What the exercise asks: Nothing but the pictures may be left out. Restate the rest of the entries word for word.

Collection entries:
= = = = =

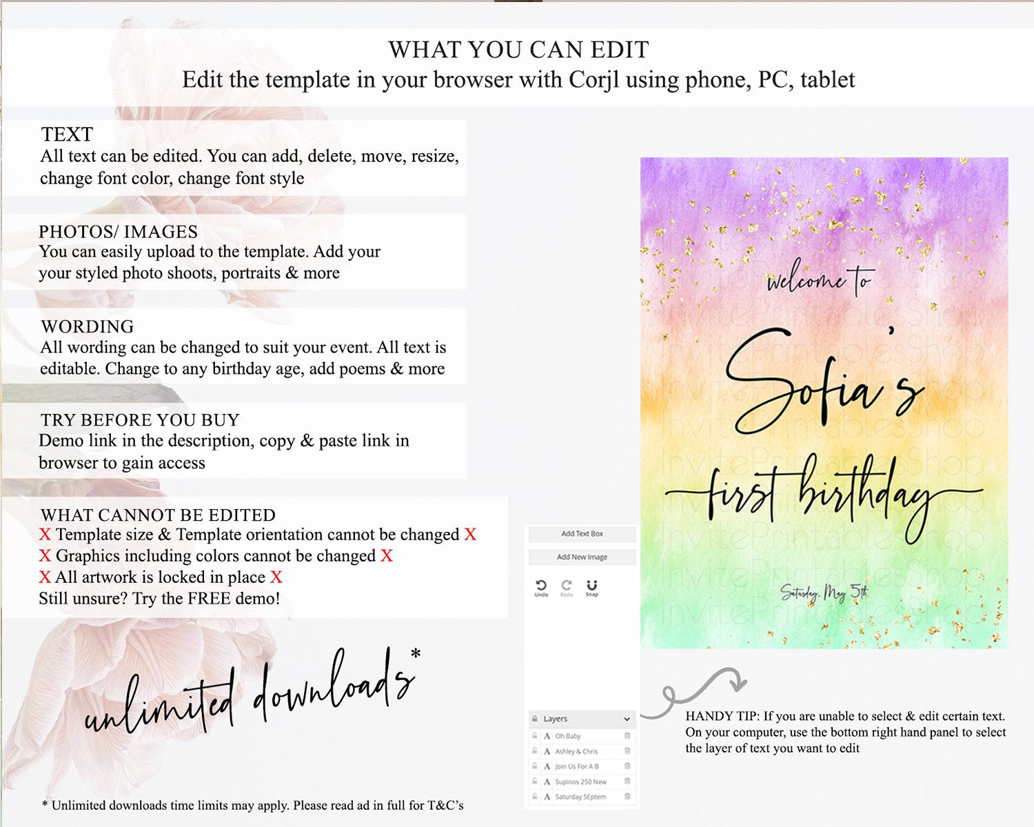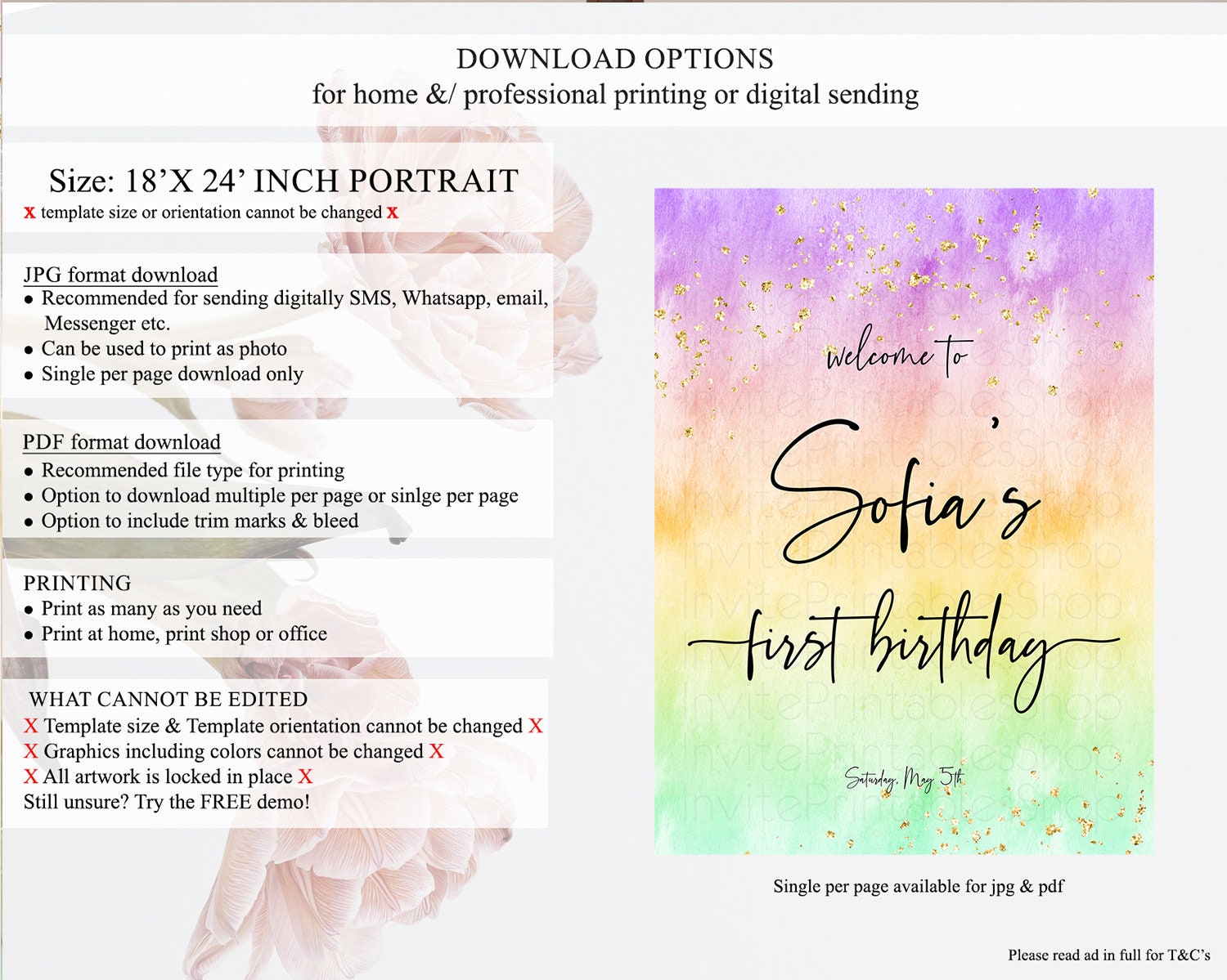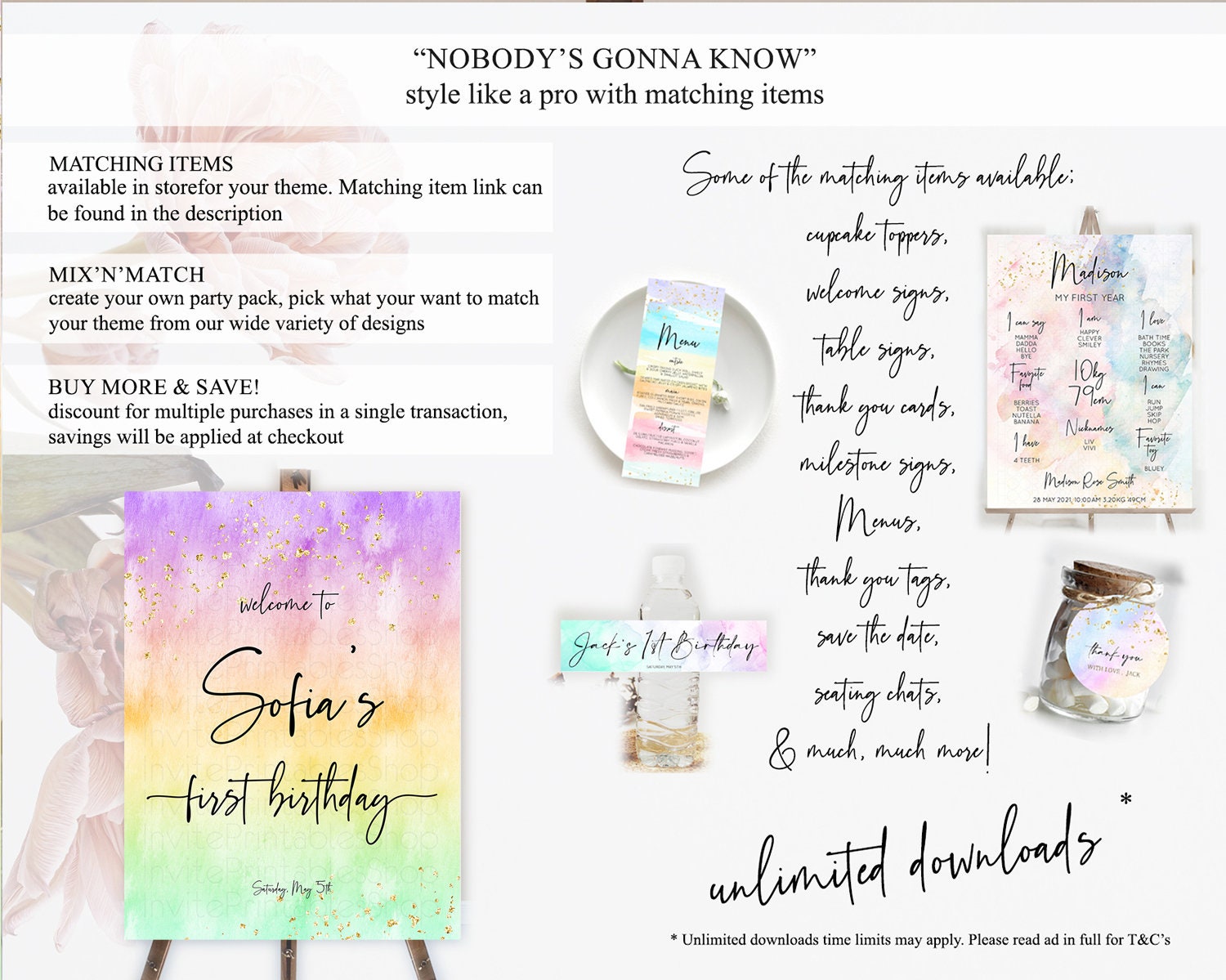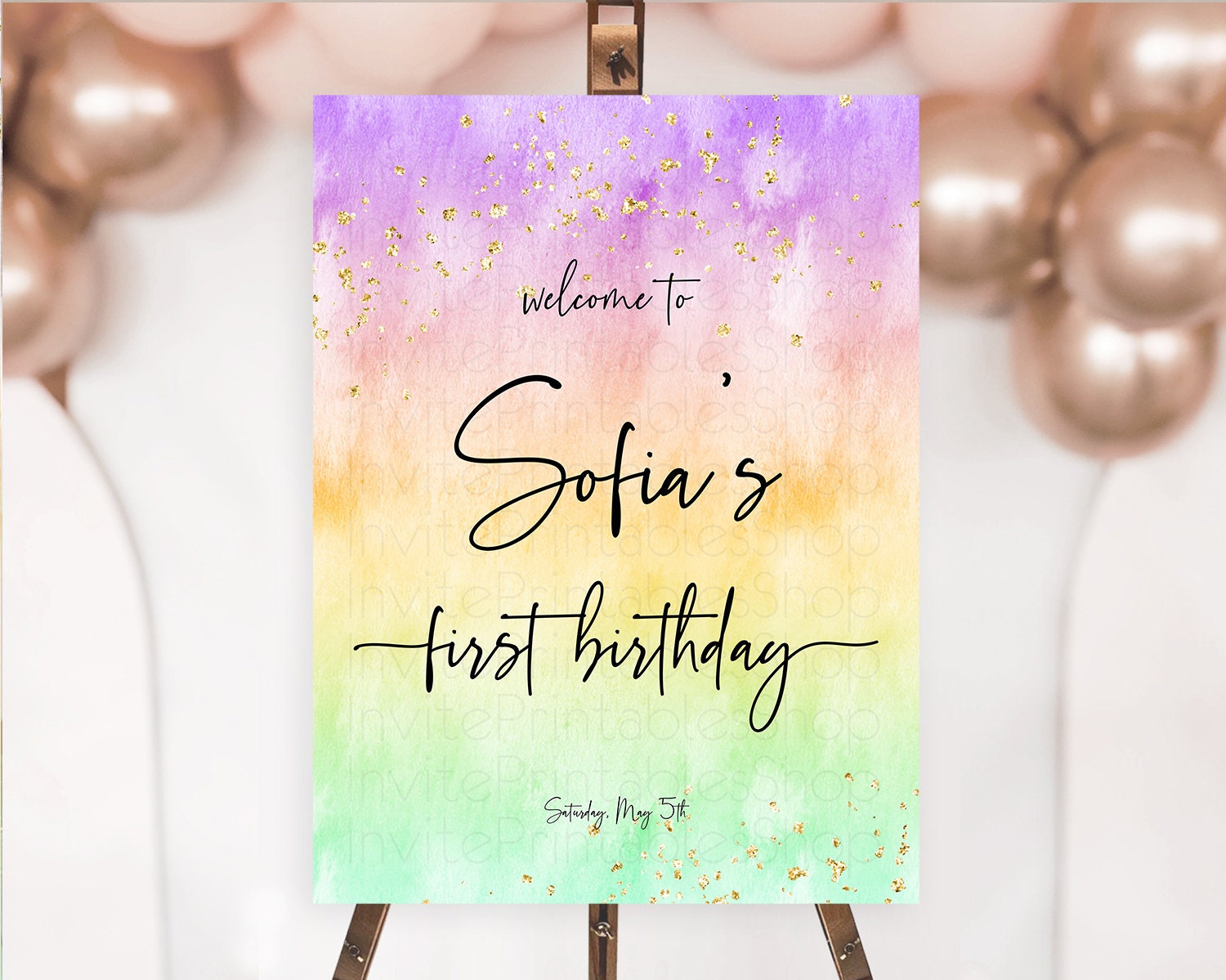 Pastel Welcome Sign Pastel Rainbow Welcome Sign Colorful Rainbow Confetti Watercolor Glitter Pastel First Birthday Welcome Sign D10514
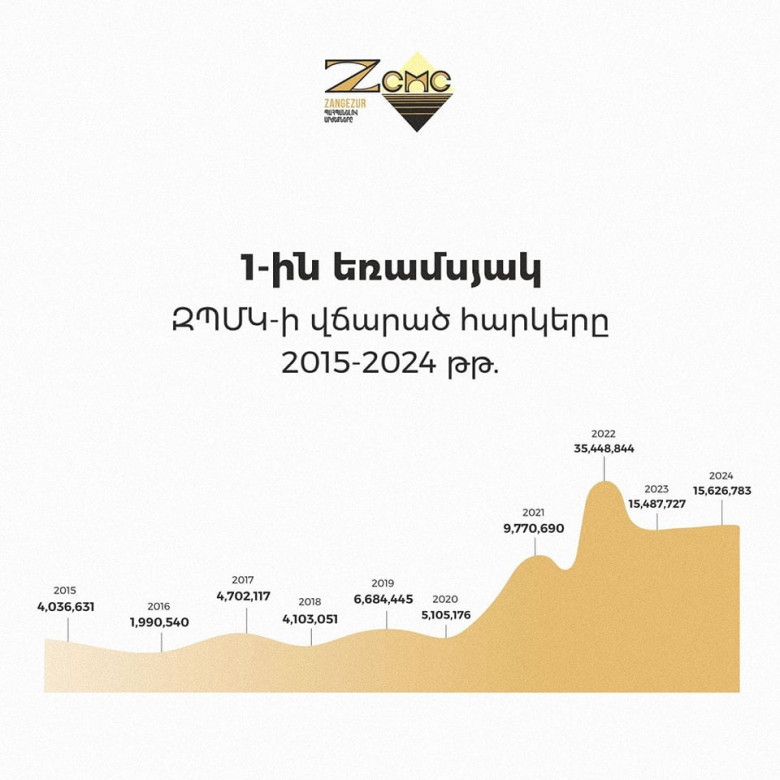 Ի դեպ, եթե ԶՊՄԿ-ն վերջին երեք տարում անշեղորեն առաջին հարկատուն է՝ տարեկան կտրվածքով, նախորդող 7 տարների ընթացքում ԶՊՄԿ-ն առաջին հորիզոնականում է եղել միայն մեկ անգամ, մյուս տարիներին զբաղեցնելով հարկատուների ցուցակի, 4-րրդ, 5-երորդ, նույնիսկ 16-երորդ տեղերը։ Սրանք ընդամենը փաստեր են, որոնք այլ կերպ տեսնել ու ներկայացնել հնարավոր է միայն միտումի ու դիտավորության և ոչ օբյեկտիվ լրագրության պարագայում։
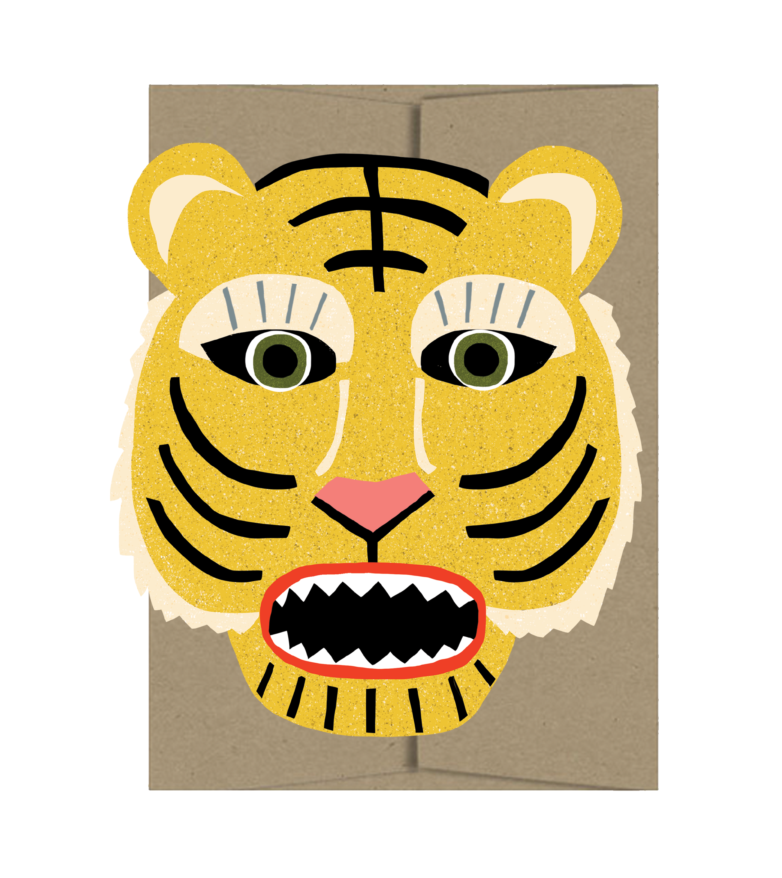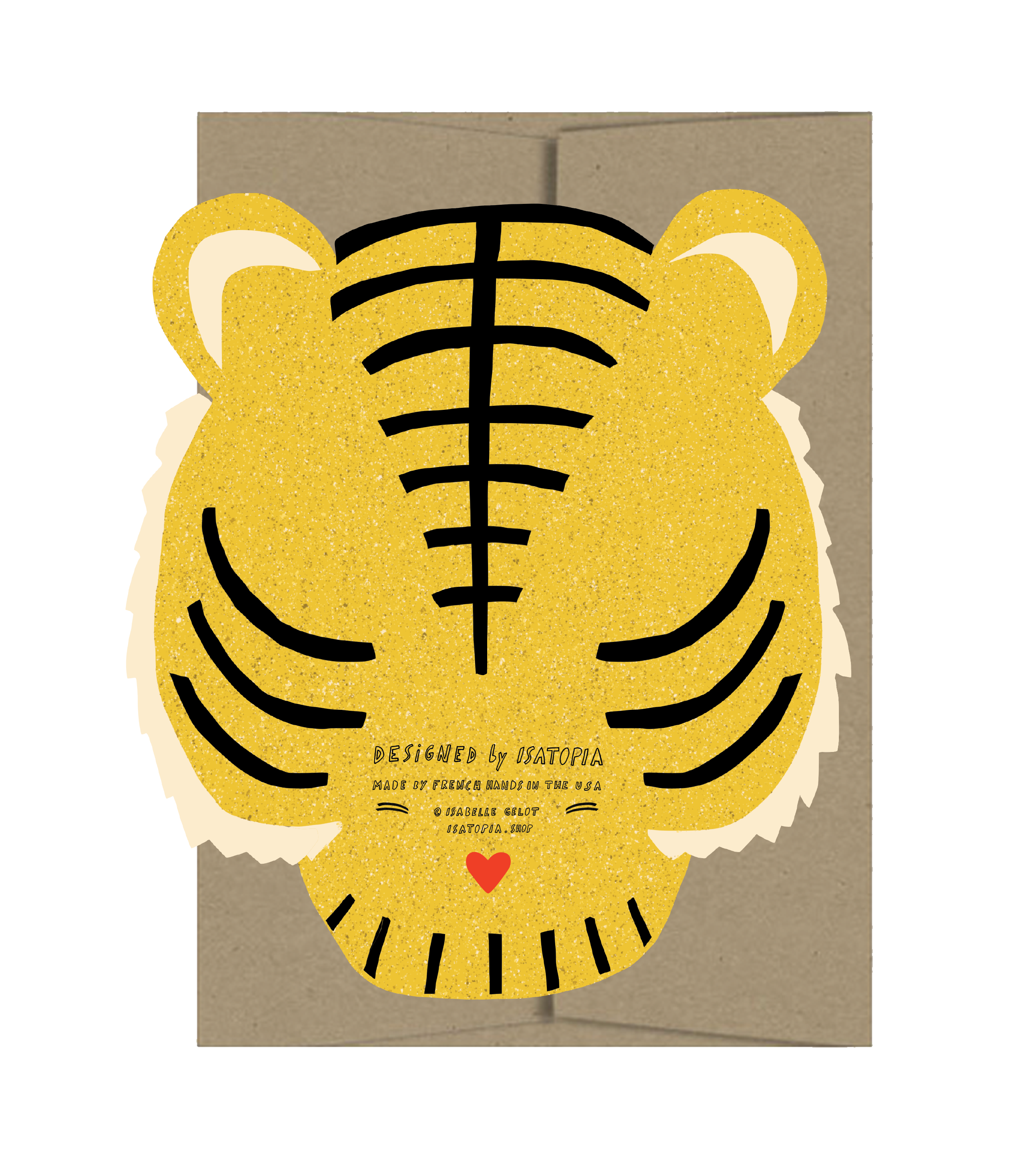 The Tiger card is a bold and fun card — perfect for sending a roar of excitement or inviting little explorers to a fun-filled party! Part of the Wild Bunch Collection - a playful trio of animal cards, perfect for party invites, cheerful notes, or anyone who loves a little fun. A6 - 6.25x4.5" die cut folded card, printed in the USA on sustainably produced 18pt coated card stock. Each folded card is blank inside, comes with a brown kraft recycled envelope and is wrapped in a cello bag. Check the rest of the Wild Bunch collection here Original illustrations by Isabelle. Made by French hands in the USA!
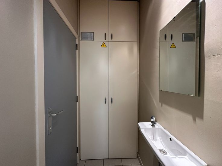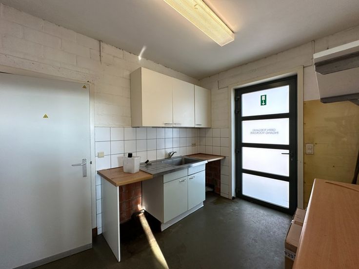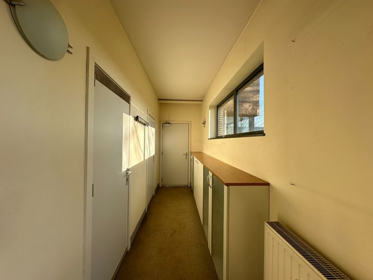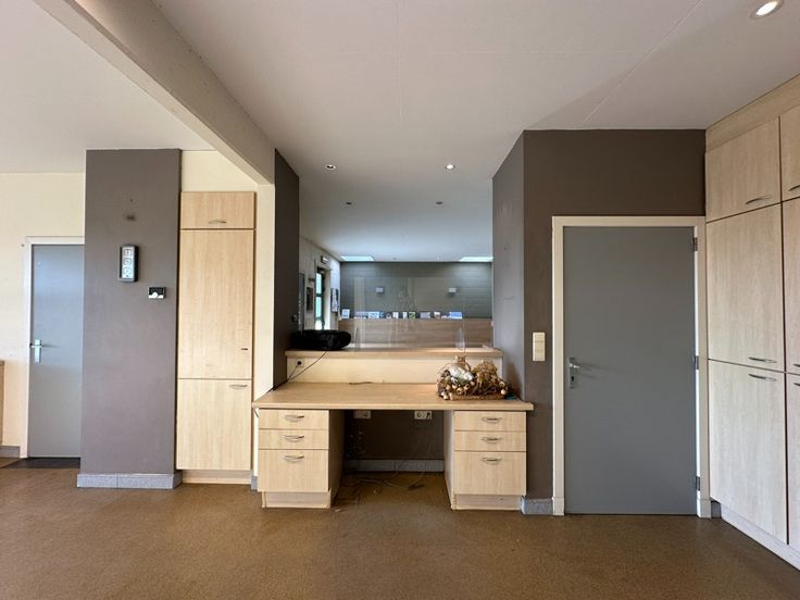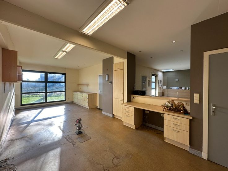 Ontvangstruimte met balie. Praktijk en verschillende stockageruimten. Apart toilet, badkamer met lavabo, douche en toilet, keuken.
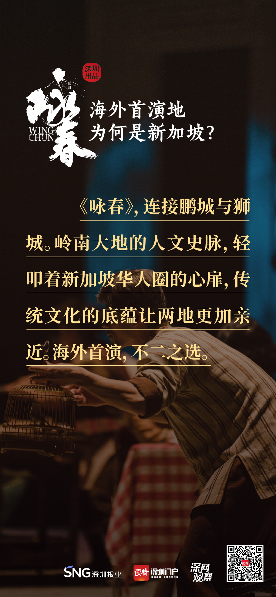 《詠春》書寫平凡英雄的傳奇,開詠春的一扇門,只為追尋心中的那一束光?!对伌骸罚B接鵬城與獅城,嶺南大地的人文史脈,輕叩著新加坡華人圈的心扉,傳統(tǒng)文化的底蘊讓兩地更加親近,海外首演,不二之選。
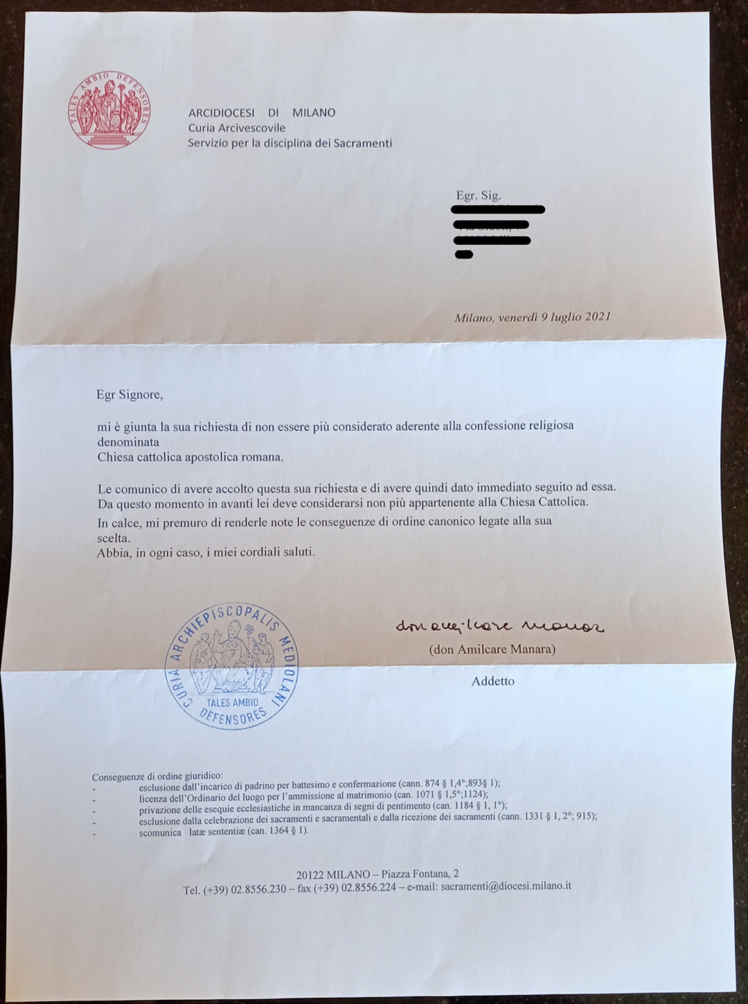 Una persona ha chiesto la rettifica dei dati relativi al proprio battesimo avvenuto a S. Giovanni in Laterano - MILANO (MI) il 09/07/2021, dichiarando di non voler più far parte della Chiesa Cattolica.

= = = = =

Exercise answer:
 Pastel Welcome Sign Pastel Rainbow Welcome Sign Colorful Rainbow Confetti Watercolor Glitter Pastel First Birthday Welcome Sign D10514
 Ի դեպ, եթե ԶՊՄԿ-ն վերջին երեք տարում անշեղորեն առաջին հարկատուն է՝ տարեկան կտրվածքով, նախորդող 7 տարների ընթացքում ԶՊՄԿ-ն առաջին հորիզոնականում է եղել միայն մեկ անգամ, մյուս տարիներին զբաղեցնելով հարկատուների ցուցակի, 4-րրդ, 5-երորդ, նույնիսկ 16-երորդ տեղերը։ Սրանք ընդամենը փաստեր են, որոնք այլ կերպ տեսնել ու ներկայացնել հնարավոր է միայն միտումի ու դիտավորության և ոչ օբյեկտիվ լրագրության պարագայում։
 The Tiger card is a bold and fun card — perfect for sending a roar of excitement or inviting little explorers to a fun-filled party! Part of the Wild Bunch Collection - a playful trio of animal cards, perfect for party invites, cheerful notes, or anyone who loves a little fun. A6 - 6.25x4.5" die cut folded card, printed in the USA on sustainably produced 18pt coated card stock. Each folded card is blank inside, comes with a brown kraft recycled envelope and is wrapped in a cello bag. Check the rest of the Wild Bunch collection here Original illustrations by Isabelle. Made by French hands in the USA!
 Ontvangstruimte met balie. Praktijk en verschillende stockageruimten. Apart toilet, badkamer met lavabo, douche en toilet, keuken.
 《詠春》書寫平凡英雄的傳奇,開詠春的一扇門,只為追尋心中的那一束光?!对伌骸罚B接鵬城與獅城,嶺南大地的人文史脈,輕叩著新加坡華人圈的心扉,傳統(tǒng)文化的底蘊讓兩地更加親近,海外首演,不二之選。
 Una persona ha chiesto la rettifica dei dati relativi al proprio battesimo avvenuto a S. Giovanni in Laterano - MILANO (MI) il 09/07/2021, dichiarando di non voler più far parte della Chiesa Cattolica.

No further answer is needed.